▶ _YOUR ASSIGNMENT_
Of all the lines below, return only those starting with the line holding "Zgłosiłam się do" and going on through the line holding "事实再一次证明AI真的战胜不", exactly as written.

▶ _EXERCISE DATA_
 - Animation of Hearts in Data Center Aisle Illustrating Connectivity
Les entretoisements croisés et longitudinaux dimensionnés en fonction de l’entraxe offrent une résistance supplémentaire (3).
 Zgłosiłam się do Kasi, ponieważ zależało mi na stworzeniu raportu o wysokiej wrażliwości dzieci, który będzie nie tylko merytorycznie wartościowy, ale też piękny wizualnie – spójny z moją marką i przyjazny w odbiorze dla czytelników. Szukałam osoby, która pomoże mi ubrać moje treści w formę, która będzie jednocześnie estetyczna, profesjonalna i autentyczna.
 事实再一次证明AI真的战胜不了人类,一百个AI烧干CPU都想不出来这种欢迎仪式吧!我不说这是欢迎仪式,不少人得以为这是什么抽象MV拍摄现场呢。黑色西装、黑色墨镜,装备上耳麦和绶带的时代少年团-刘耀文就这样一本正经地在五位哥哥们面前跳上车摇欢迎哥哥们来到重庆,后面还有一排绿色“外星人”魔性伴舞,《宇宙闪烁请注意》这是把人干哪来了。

--

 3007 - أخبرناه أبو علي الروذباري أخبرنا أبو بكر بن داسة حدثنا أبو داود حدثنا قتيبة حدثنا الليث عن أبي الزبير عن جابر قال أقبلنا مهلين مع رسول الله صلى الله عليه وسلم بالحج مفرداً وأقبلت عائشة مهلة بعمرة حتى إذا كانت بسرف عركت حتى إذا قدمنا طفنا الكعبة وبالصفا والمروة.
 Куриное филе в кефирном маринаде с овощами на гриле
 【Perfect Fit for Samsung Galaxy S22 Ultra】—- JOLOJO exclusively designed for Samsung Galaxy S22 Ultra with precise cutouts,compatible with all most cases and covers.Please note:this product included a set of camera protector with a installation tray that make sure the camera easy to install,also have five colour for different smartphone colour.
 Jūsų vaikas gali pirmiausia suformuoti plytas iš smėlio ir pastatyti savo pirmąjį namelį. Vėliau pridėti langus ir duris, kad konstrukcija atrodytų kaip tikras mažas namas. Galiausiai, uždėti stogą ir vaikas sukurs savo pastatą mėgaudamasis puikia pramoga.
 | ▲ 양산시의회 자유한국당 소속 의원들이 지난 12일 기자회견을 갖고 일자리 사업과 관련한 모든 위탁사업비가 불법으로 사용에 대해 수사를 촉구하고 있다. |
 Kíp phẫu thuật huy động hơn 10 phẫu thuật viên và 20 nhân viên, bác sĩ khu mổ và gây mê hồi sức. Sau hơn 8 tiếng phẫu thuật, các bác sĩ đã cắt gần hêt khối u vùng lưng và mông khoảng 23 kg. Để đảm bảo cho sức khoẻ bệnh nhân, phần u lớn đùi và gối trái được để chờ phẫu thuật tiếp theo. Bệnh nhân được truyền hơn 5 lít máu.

▶ _SOLUTION FOR THIS PROBLEM_
 Zgłosiłam się do Kasi, ponieważ zależało mi na stworzeniu raportu o wysokiej wrażliwości dzieci, który będzie nie tylko merytorycznie wartościowy, ale też piękny wizualnie – spójny z moją marką i przyjazny w odbiorze dla czytelników. Szukałam osoby, która pomoże mi ubrać moje treści w formę, która będzie jednocześnie estetyczna, profesjonalna i autentyczna.
 事实再一次证明AI真的战胜不了人类,一百个AI烧干CPU都想不出来这种欢迎仪式吧!我不说这是欢迎仪式,不少人得以为这是什么抽象MV拍摄现场呢。黑色西装、黑色墨镜,装备上耳麦和绶带的时代少年团-刘耀文就这样一本正经地在五位哥哥们面前跳上车摇欢迎哥哥们来到重庆,后面还有一排绿色“外星人”魔性伴舞,《宇宙闪烁请注意》这是把人干哪来了。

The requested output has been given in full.